Full Text Article

Epigenetics Meets CRISPR/Cas to Fight Cancer

Received Date: January 23, 2019 Accepted Date: February 28, 2020 Published Date: March 03, 2020

doi: 10.17303/jcrto.2020.8.202

Citation: Simeon Santourlidis (2020) Epigenetics Meets CRISPR/Cas to Fight Cancer. J Cancer Res Therap Oncol 8: 1-5.

Epigenetic changes are fundamental for cancer. To our knowledge, these are the only ones that include alterations that are consistently present in many cancer entities at once. Hence they may provide targets for general cancer therapy.

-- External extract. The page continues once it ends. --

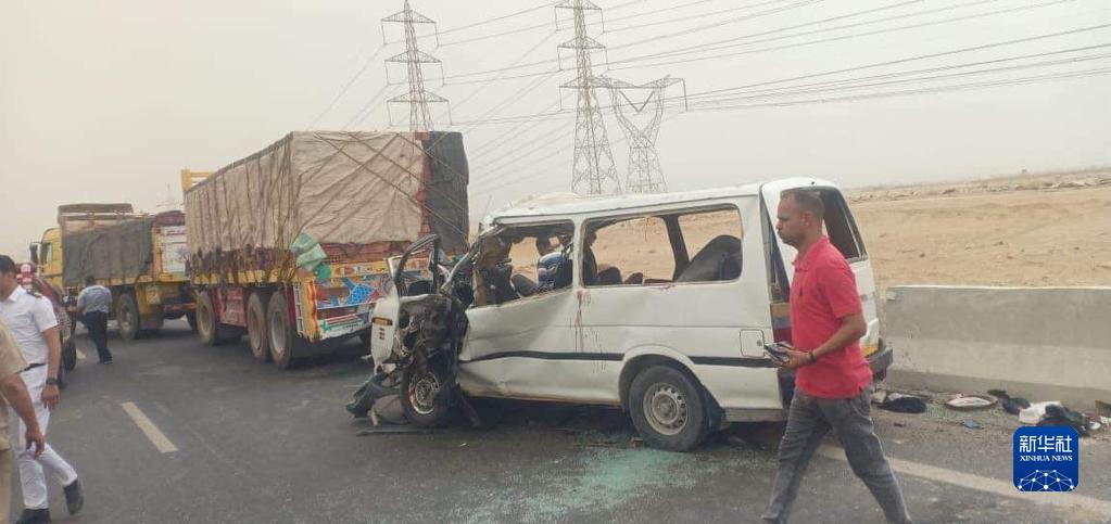 這是6月13日在埃及首都開(kāi)羅附近拍攝的交通事故現場(chǎng)。

Now, fortunately, the exciting in-vivo genome targeting CRISPR/Cas technology has been developed and one new perspective has arisen to take advantage of these common epigenetic targets to fight cancer.

Clustered regularly interspaced short palindromic repeats ((CRISPR)/CRISPR-associated (Cas)) technology holds the potential to decisively impact almost all disciplines in current biological and medical research. For that reason, it is currently discussed how it may contribute to new cancer gene therapy strategies. Here, I wish to suggest one approach to apply this new CRISPR/Cas technology to target cancer cells based on their aberrant chromatin structure. I will discuss this approach primarily for urological cancers, my subject of research, but in addition, it should be promising to be applied in a wide range of cancer entities.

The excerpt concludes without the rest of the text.